Kirkus Reviews QR Code
PRISONERS OF THE NORTH by Pierre Berton

PRISONERS OF THE NORTH

by Pierre Berton

Pub Date: Jan. 28th, 2005
ISBN: 0-7867-1507-3

Veteran Canadian author Berton portrays five intrepid folk enthralled by the call of the Arctic.

Himself a native son of the Yukon Territory, the author begins with Joe Boyle, a speculator at the time of the Gold Rush. While others staked small individual claims, Boyle got the timber and water rights to an eight-mile swathe of land; with these he was able to create a hydroelectric plant to power the monstrously huge dredges that made him, for a time, fabulously wealthy.

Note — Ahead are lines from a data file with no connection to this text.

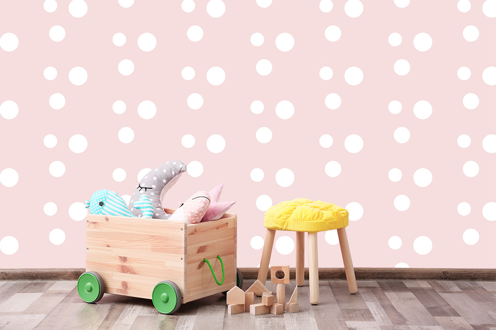 Fototapete in Pastell-Rosa mit weißen Punkten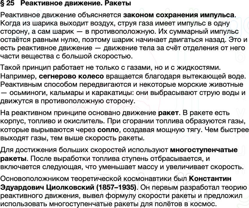 Краткое содержание Параграф 25 Реактивное движение. Ракеты Физика 9 класс Перышкин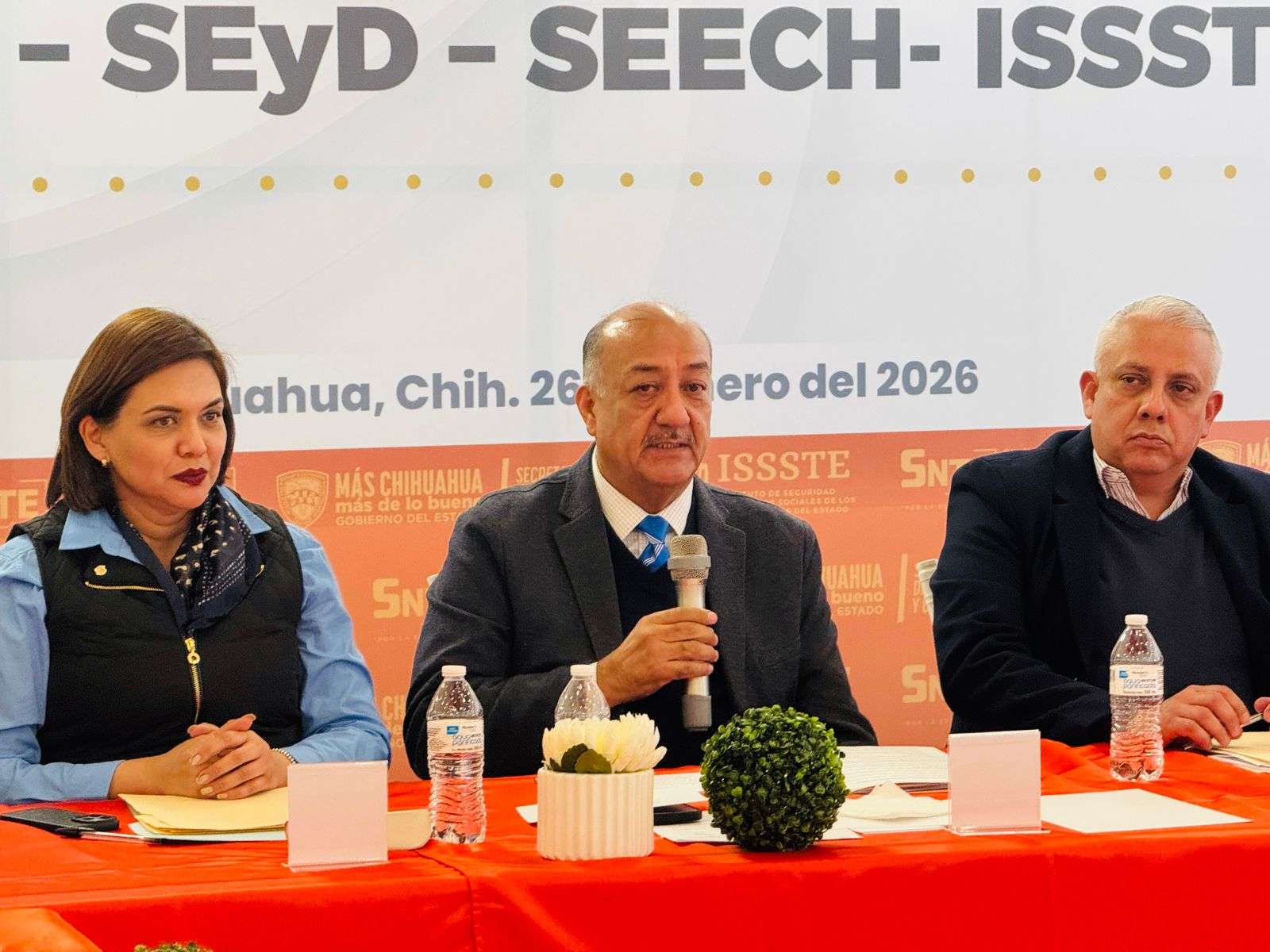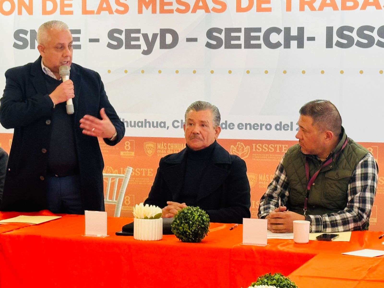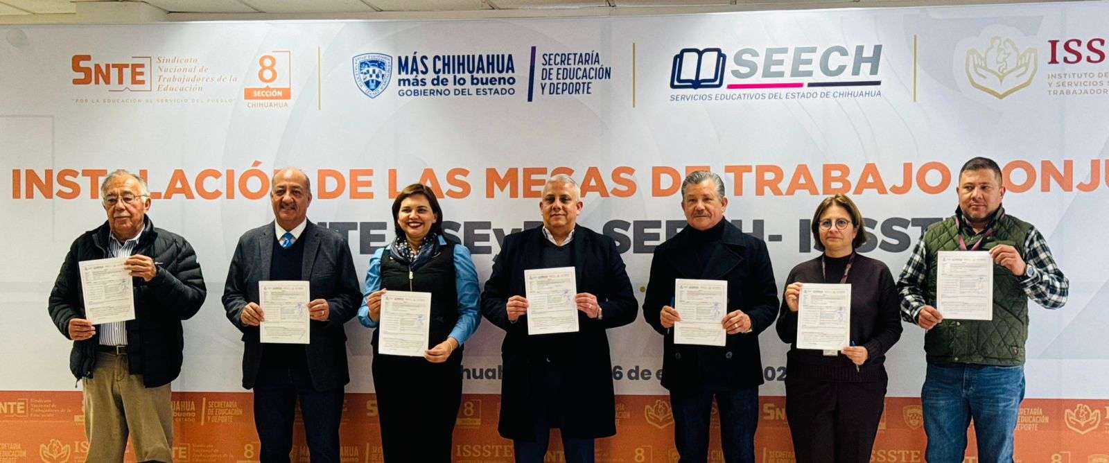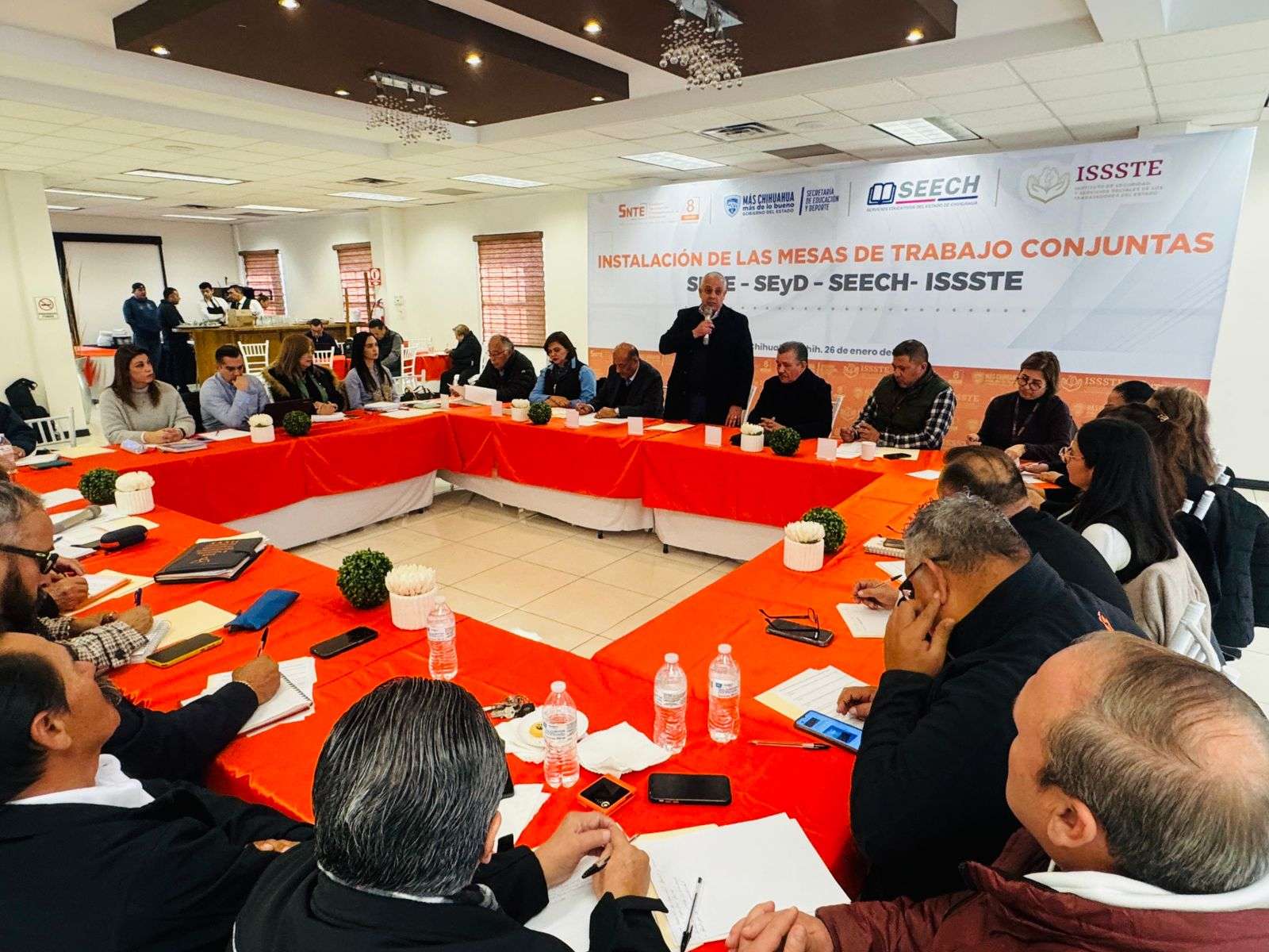 Chihuahua.- Con el objetivo de armonizar acciones y fortalecer la atención a las y los trabajadores de la educación y sus familias, autoridades sindicales, educativas y de salud llevaron a cabo la instalación de mesas de trabajo conjuntas.
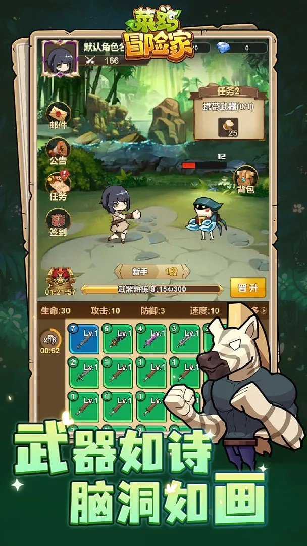 2,放置冒险挑战,获得各种的奖励道具,变得更加强大。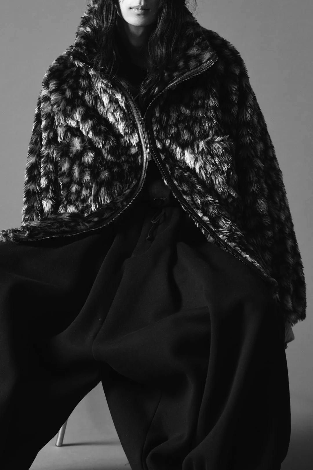冬らしく暖かな表情と品ある雰囲気を持つファイクファーを使用し、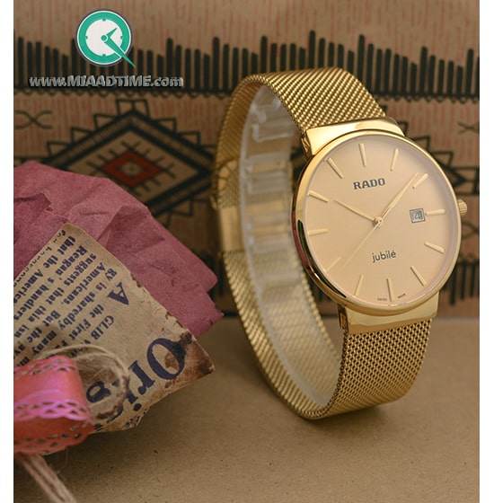 ساعت مچی رادو مردانه طلایی صفحه روشن بند حصیری مدل 25477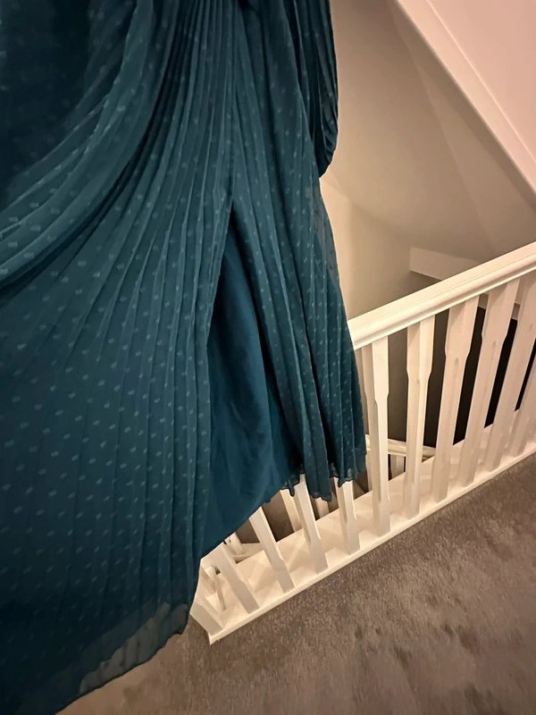 Elegant pine green maxi dress featuring pleated dobby chiffon fabric. Perfect for a formal or evening occasion.
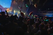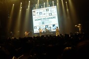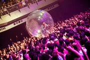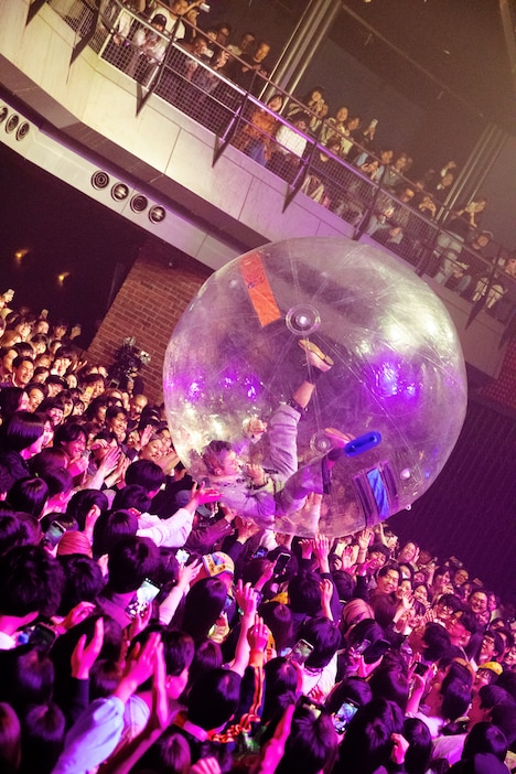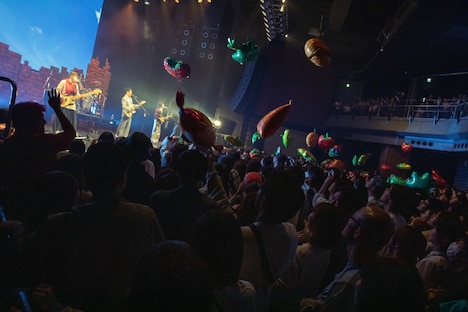 リアルタイム映像が投影された「東京」のあとには、玉置が姿をくらます。そのまま「かむかもしかもにどもかも!」の演奏が始まり、歌声の発信源を探して観客が周囲を見回していると、サブステージからウォーターボールに入った彼が再登場しフロアにダイブ。早口言葉を繰り出しながら観客の上を転がり、場内を盛大に沸かせた。ステージに戻り、“透明の玉”を脱いだ玉置は息を整えながら「すべてが皆さんのおかげです。本当に支えてくださってありがとうございます!」とダブルミーニングで感謝の思いを伝えた。そしてライブ終盤、「風の向きが変わって」でエモーショナルな空気を広げたMONO NO AWARE。温かな旋律の「88」では加藤が大人3人に担がれながら情緒あふれるギターを轟かせた。見どころ満載のライブは「そこにあったから」でフィナーレへ。ぐねぐね踊るチューブマンとカラフルな紙吹雪がステージを華やかに彩った。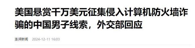 信息来源:美国悬赏千万美元征集侵入计算机防火墙的中国男子线索,外交部回应

In a stranger-than-fiction twist, he later swashbuckled across revolution-torn Russia and landed in Romania, where the “King of the Klondike” became an intimate of real royalty, that country’s Queen Marie. The second essay concerns Vilhjalmur Steffansson, “the last of the old-time Arctic explorers,” who made monumental northern peregrinations before tarnishing his reputation by claiming to have discovered “Blond Eskimos.” Then comes Lady Jane Franklin, who campaigned tirelessly to have her husband, Sir John Franklin, declared the discoverer of the Northwest Passage—daunted not in the least by lack of evidence for this claim. Next onstage is John Hornby, a fanatical loner who drifted about above the treeline on Canada’s inhospitable Barren Ground; his pathological refusal to plan ahead resulted in the deaths from starvation of himself, a companion, and his 17-year-old second cousin. Finally, Berton presents Robert Service, the Kiplingesque bard of the north who immortalized the rough life in “The Shooting of Dan McGrew.” Of his most famous work, Service said simply, “I loathe it. I was sick of it the moment I finished writing it.”

The links among these diverse personalities are barely discernible, but Breton’s enthusiasm is contagious: his heroes and lunatics make for fascinating reading.